A lawyer for Mr. Lindberg, Brandon McCarthy, said in an opening statement that the businessman’s donations were prompted by a question from North Carolina Insurance Commissioner Mike Causey at one early meeting: “What’s in it for me?”
But U.S. government lawyer James C. Mann told jurors the case is about “bribery, pure and simple."
Specifically, he said, Mr. Lindberg promised $2 million in campaign money for the replacement of a senior regulator who was overseeing Mr. Lindberg’s insurers with someone he deemed more favorable. He needed “a clean bill of health” for his life insurers so he could make more acquisitions to further expand his conglomerate, Mr. Mann said in his opening statement.
A self-proclaimed billionaire, Mr. Lindberg bought life insurers in the U.S. and abroad beginning in 2014 and lent at least $2 billion of their assets to entities he controlled. North Carolina regulators took control of four of the insurers last June, and those insurers have since asked a state court to appoint a receiver over hundreds of Mr. Lindberg’s private entities that owe them money.
Mr. Lindberg’s insurance empire was the focus of a February 2019 investigative article in The Wall Street Journal. A separate federal probe is continuing to investigate potential fraud in Mr. Lindberg’s business dealings, filings show.
The bribery trial began Tuesday with selection of jurors, in a case that could bring up to 20 years of jail on one charge, and 10 years on another.
This week, Mr. Lindberg has spent hours quietly sitting at a table flanked by lawyers. Two co-defendants are at adjacent tables, each with at least three attorneys.
In another sign of the large amount of money being spent on defense, four mock jurors are sitting in the courtroom to give feedback to Mr. Lindberg’s team.
The setting is a wood-paneled, high-ceilinged courtroom rich in history, but it lacks big screens and other modern technology for viewing and listening to the dozens of secretly recorded videos and phone calls that form the core of the government’s case. Those videos and phone calls were recorded in 2018 by Mr. Causey, under the direction of federal officials.
With prosecutors, defendants, their lawyers and jurors focused on small screens, the government has played about a dozen recordings so far. Defense lawyers are expected to question Mr. Causey Monday, seeking to persuade jurors that he overstepped boundaries prohibiting authorities from inducing people into wrongdoing, so-called entrapment.
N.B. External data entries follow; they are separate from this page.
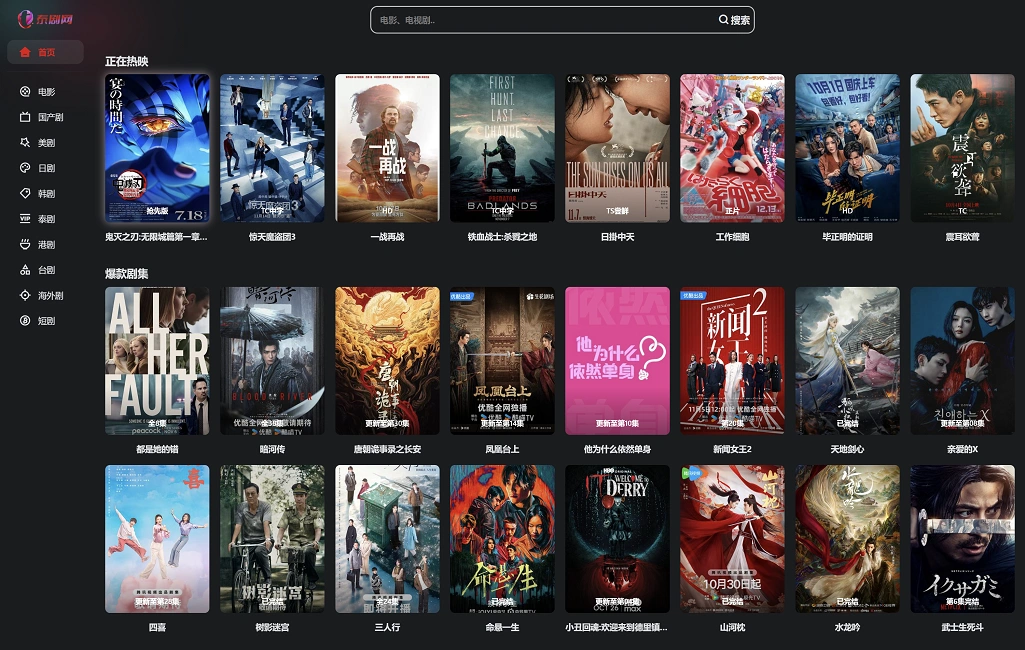 - 各类剧集分类(电影、国产剧、美剧、日剧、韩剧、泰剧、港剧、台剧、海外剧)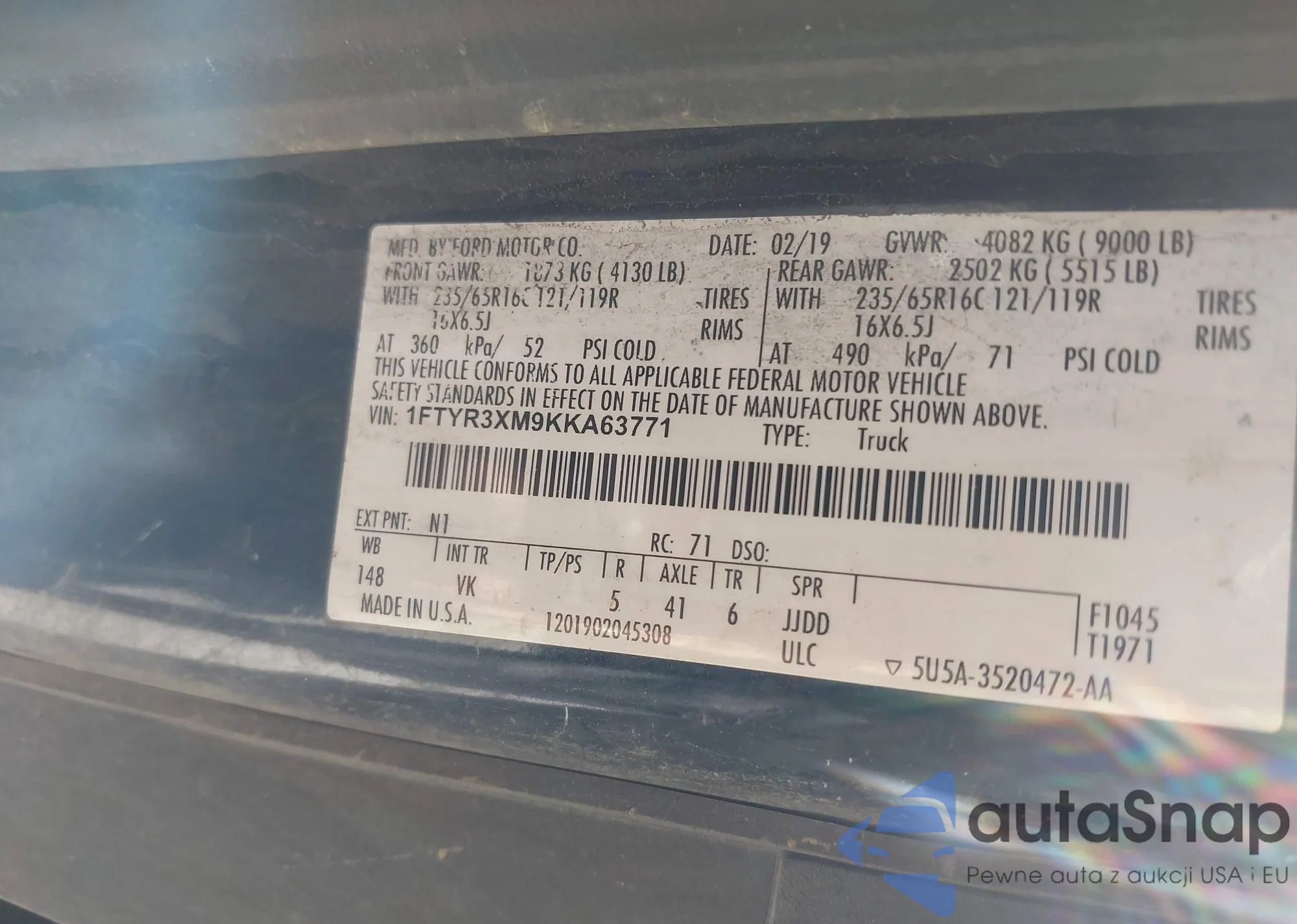 VIN: 1FTYR3XM9KKA63771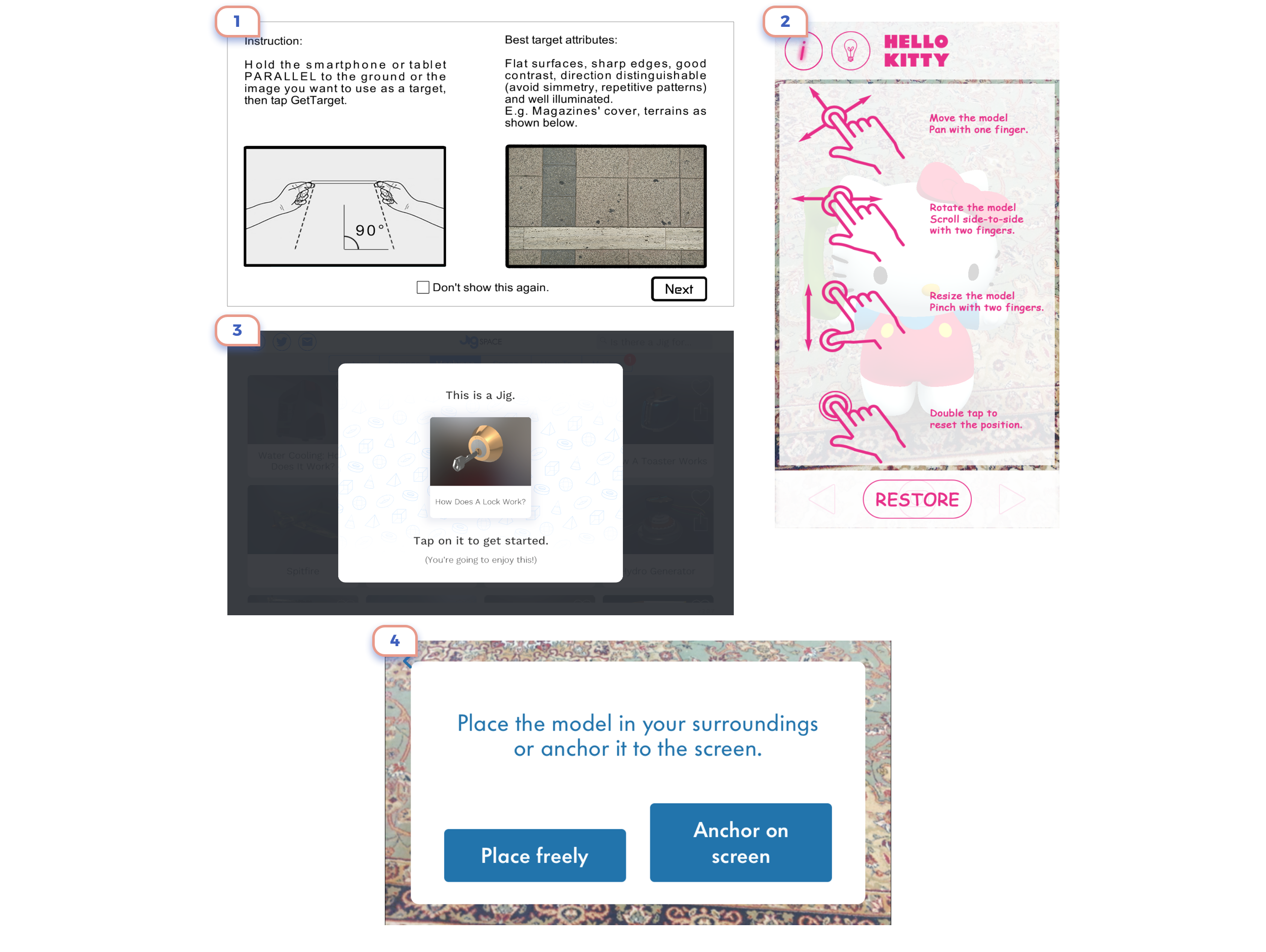 Using first time application with augmented reality is so exciting and obscure that it’s tough for the first-time user to understand and get value. There is some learning curve. With current best practices, gestures and interactions are natural and intuitive. The only thing that left for creators of AR apps only use them. We should try to make the onboarding process as maximum flawless.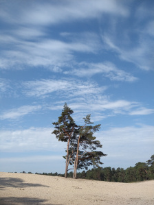 De uitgestrekte bossen filteren langzaam de zonnestralen en de opkomende hitte. Het is stil in de bossen ondanks een enkel vakantieparkje in de buurt. Gisteren zag ik op een kaart van het journaal het getal 34 staan in deze buurt. Misschien is dat ene getal de reden dat er weinig mensen onderweg zijn. Ik heb het rijk alleen. Dan kom ik bij De Sahara, ik ben er ooit overheen gevlogen, nu mag ik er door heen lopen. Ik heb voldoende water bij mij. Voor mij lopen twee jonge mensen, de vrouw draagt een grote rugzak. Bij het begin van de zandvlakte staan voertuigen van de politie, gezien de karren erbij zal het wel de bereden politie zijn. Vroeger was dit zandgebied veel groter, nu wordt er gewerkt om de verkleinde Sahara weer te vergroten. Zo zijn er golfbewegingen in het omgaan met de natuur. Mijn weg gaat nu naar landgoed Junnen. Het is meer van hetzelfde, zandwegen en bossen. Prettig wandelen.

The recordings came about after Mr. Causey, who was elected in November 2016, approached federal officials in late 2017 with concerns about the Lindberg insurers’ unorthodox investment strategy. He was also unnerved because Mr. Lindberg’s consultant, John D. Gray, who is a co-defendant, had told him that Mr. Lindberg wanted to aid his 2020 re-election, he testified this week.
So far in the recordings, jurors have heard Messrs.Lindberg and Gray repeatedly criticize the deputy commissioner who was overseeing the Lindberg insurers. They told the commissioner they supported robust and stringent regulation, but the deputy was unqualified to understand the insurers’ investments. She was “ruining my reputation” with other state regulators with malicious statements, Mr. Lindberg asserted.
Mr. Causey has said publicly that the deputy, Jackie Obusek, is a knowledgeable and able regulator. In the recordings, Mr. Causey defended Ms. Obusek as well-intentioned as she pushed for more detail about Mr. Lindberg’s investments. But he told the businessman he was open to replacing her—and thus came the question about how he would benefit.
From then on, Mr. Causey repeatedly asked Messrs. Lindberg and Gray about the size and nature of contributions to aid his 2020 re-election.
At first, Mr. Lindberg suggested Mr. Causey hire one of his employees, a former International Business Machines Corp. executive named John V. Palermo Jr., now the third co-defendant.
Some weeks later, Messrs. Lindberg and Causey deemed Mr. Palermo’s hiring problematic, and discussed transferring oversight of his insurers to another insurance-department deputy commissioner.
Entrapment can occur when a person with no intent to commit a crime is induced or persuaded by law-enforcement officers or their agents to commit the offense. Mr. Lindberg’s lawyers say in a filing that Mr. Causey “had strong motivation to entrap Mr. Lindberg” as he “was a major supporter” of the former insurance commissioner, Wayne Goodwin, whom Mr. Causey narrowly defeated.
Mr. Lindberg sought to do “whatever is within the bounds of North Carolina elections law,” his lawyer told jurors.
A fourth defendant, Robin Hayes, a former congressman and former chairman of North Carolina’s Republican Party, has already pleaded guilty to a single count of lying to the Federal Bureau of Investigation.